OpenAI reports that o3-mini with high reasoning and a Python tool receives a 32% on FrontierMath. However, Epoch's official evaluation[1] received only 11%.
There are a few reasons to trust Epoch's score over OpenAIs:
- Epoch built the benchmark and has better incentives.
- OpenAI reported a 28% score on the hardest of the three problem tiers - suspiciously close to their overall score.
- Epoch has published quite a bit of information about its testing infrastructure and data, whereas OpenAI has published close to none.
Edited in Addendum:
Epoch has this to say in their FAQ:
The difference between our results and OpenAI’s might be due to OpenAI evaluating with a more powerful internal scaffold, using more test-time compute, or because those results were run on a different subset of FrontierMath (the 180 problems in
frontiermath-2024-11-26
vs the 290 problems infrontiermath-2025-02-28-private
).
- ^
Which had Python access.
I think your Epoch link re-links to the OpenAI result, not something by Epoch.
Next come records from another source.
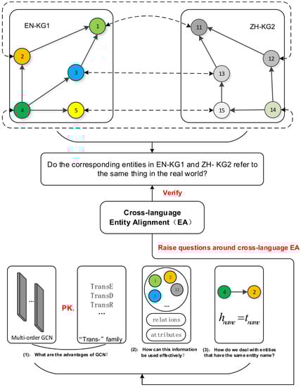 Entity alignment is the process of integrating entities that mean the same thing in the real world, according to different knowledge bases, into a unified knowledge base. Although many entity alignment methods for cross-language knowledge graphs have emerged, there is still a significant amount of advancement required based on the matching scores of similar entities, whether in specific or open domains.Therefore, how to effectively improve the accuracy of similar entities is a hotspot in current alignment-task research. The following questions addressed in this paper concerned cross-language entity alignment: (1) how to exploit the advantages of the GCN in cross-language entity alignment; (2) how to use the entities, relations, and attributes more effectively; and (3) how to handle entities with the same entity name. The problem definition diagram is shown in Figure 3. Without the loss of generality, we implemented the task of entity alignment between the two knowledge graphs KG1 and KG2, based on a set of pre-aligned equivalent entities. Our goal was to identify the equivalent entity-pair between KG1 and KG2.
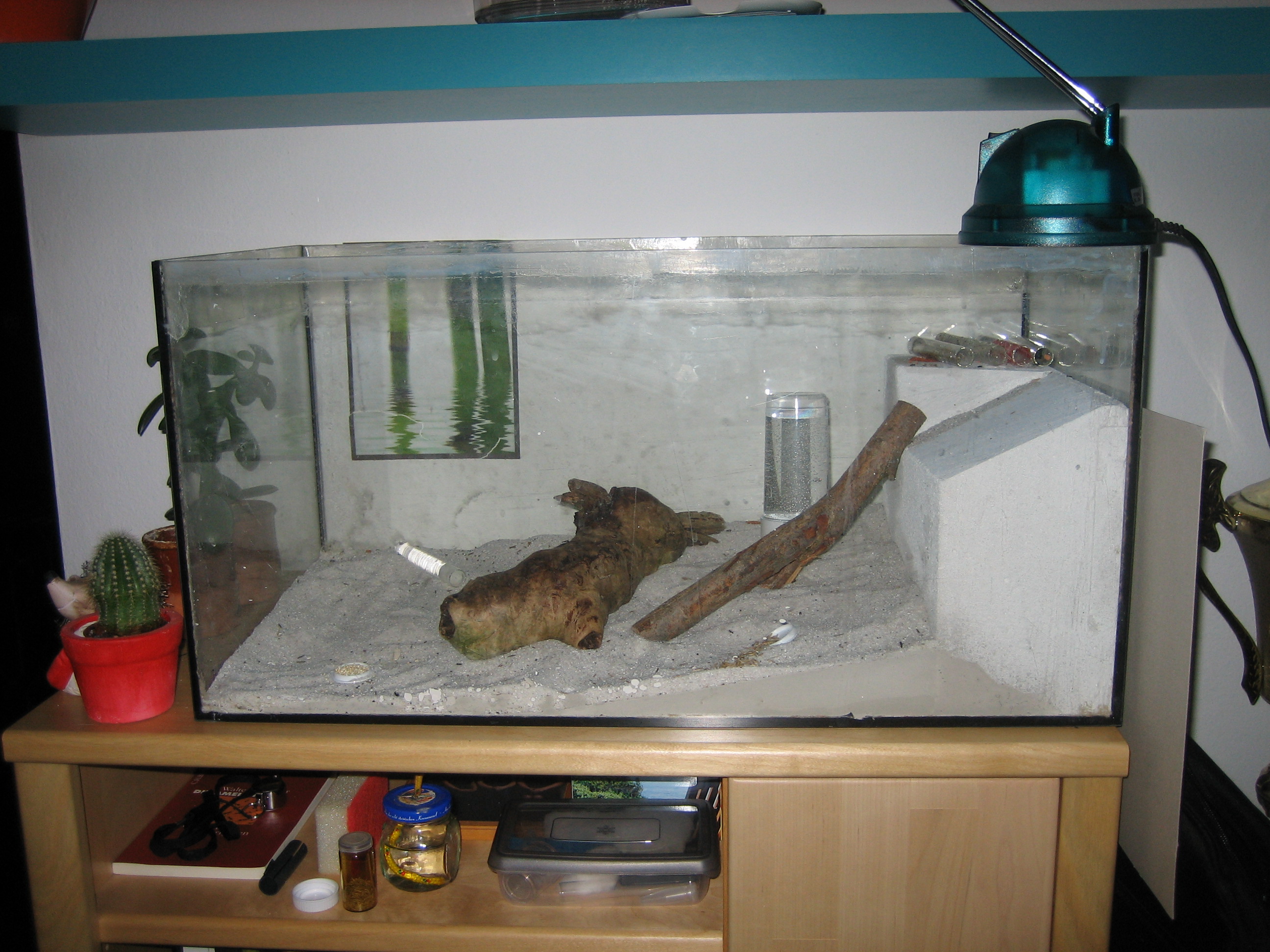 Alle wirken wohlauf, obwohl nur tagsüber beleuchtet wird (Lampe mit nur schwacher Wärmeabgabe) und das Zimmer sonst auch nicht übermäßig beheizt ist. Vormittags fällt allerdings auch etwas Sonne in die Arena. Das wird aber hoffentlich bald anders, wenn mal der Frühling einzieht.
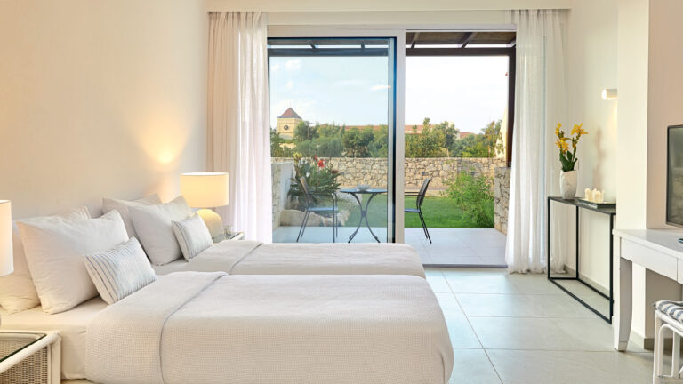 Die Casa Marina Familien-Maisonetten sind speziell für Familien konzipiert und bieten getrennte Schlafräume auf zwei Ebenen sowie eine geräumige, überdachte Außenterrasse mit privatem Garten für gemeinsame Momente unter freien Himmel.
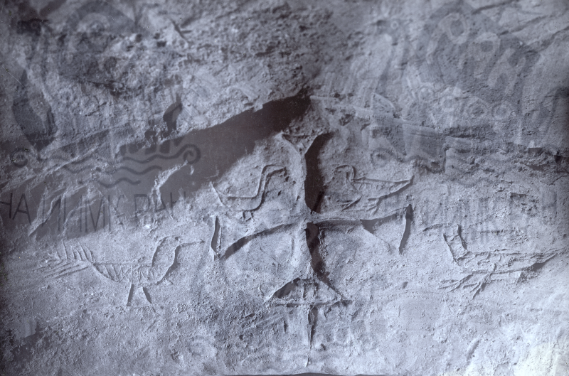 Христианская катакомба 1912 г. Изображение, высеченное в скале над входом – крест и птицы.
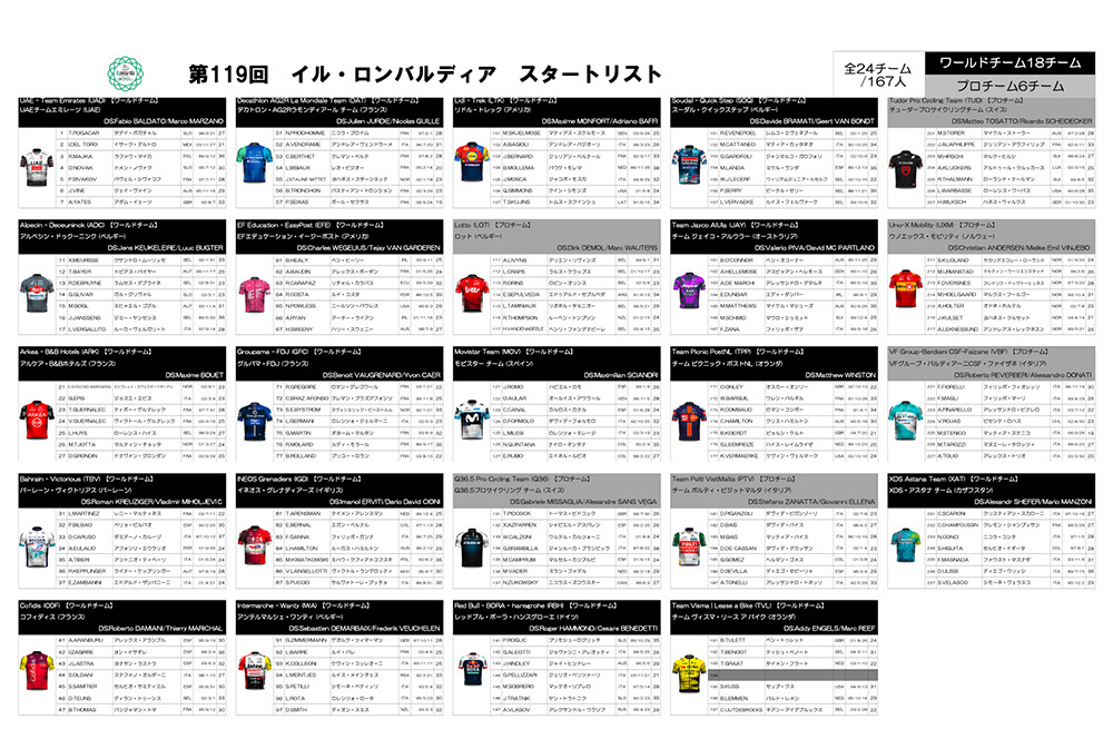 Cycle*2025 イル・ロンバルディアのスタートリストを掲載しました。
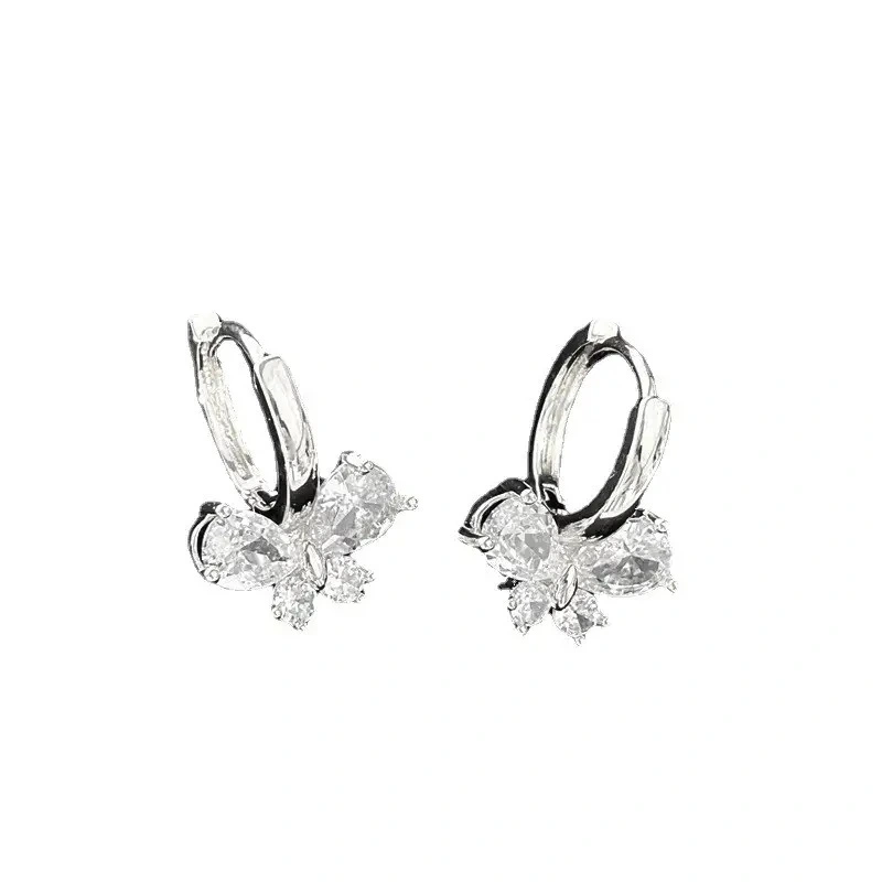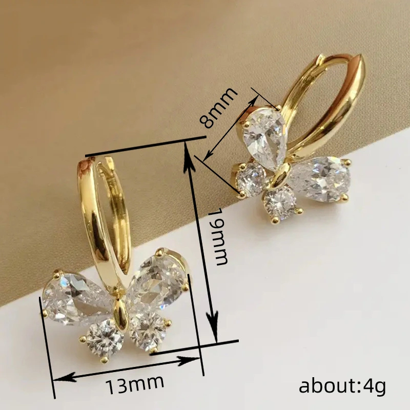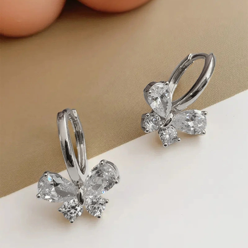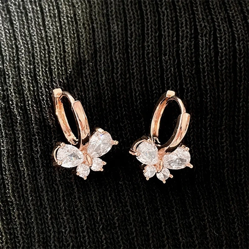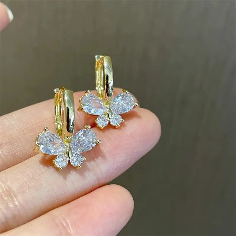 Pendientes de mariposa exquisitos y elegantes para mujer con incrustaciones de circonitas, clips de oreja brillantes y dulces, pendientes diarios para mujer.
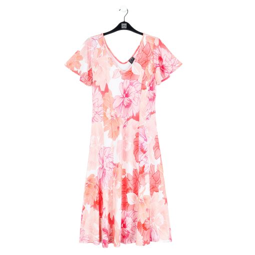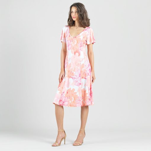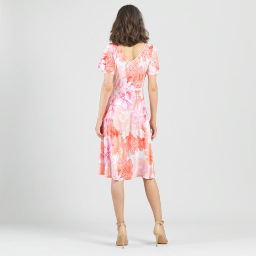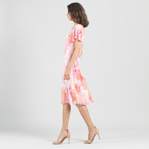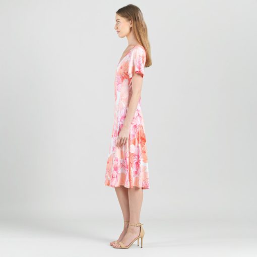 Experience the beauty of a golden hour in our Sunset Petals Butter Knit Flutter Sleeve A-Line Midi Dress! This stunning dress features a v-neckline, charming short flounce sleeves, and vertical princess seams that cascade down a flattering A-line silhouette with a midi hemline that creates a beautiful drape. A delicate arrangement of large-scale flowers in shades of coral, peach, pink, and subtle hints of white that create gentle gradients that mimic the fluidity of watercolors. ♥ Each piece is a unique, one-of-a-kind print and print placement will vary. An elegant, translucent fabric, inspired by luxe satin fibers. Designed to beautifully drape against the body, with the softest, velvety-silken-like finish, while being cool and smooth to the touch. Carefree Travel Fabric – Soft Silky Buttery Knit Our signature poly blend fibers create an ultra-soft, buttery feel that’s wrinkle-free and perfect for traveling. Enjoy the luxurious sensation and an indulgent touch of our fabric – you’ll never want to take it off!V-Neckline Wrinkle Free Travel Friendly Ultra Lightweight Soft Buttery Knit Fabric Breathable Jersey-Like Feel

How likely is this just that OpenAI was willing to throw absurd amounts of inference time compute at the problem set to get a good score?
the reason why my first thought was that they used more inference is that ARC Prize specifies that that's how they got their ARC-AGI score (https://arcprize.org/blog/oai-o3-pub-breakthrough) - my read on this graph is that they spent $300k+ on getting their score (there's 100 questions in the semi-private eval). o3 high, not o3-mini high, but this result is pretty strong proof of concept that they're willing to spend a lot on inference for good scores.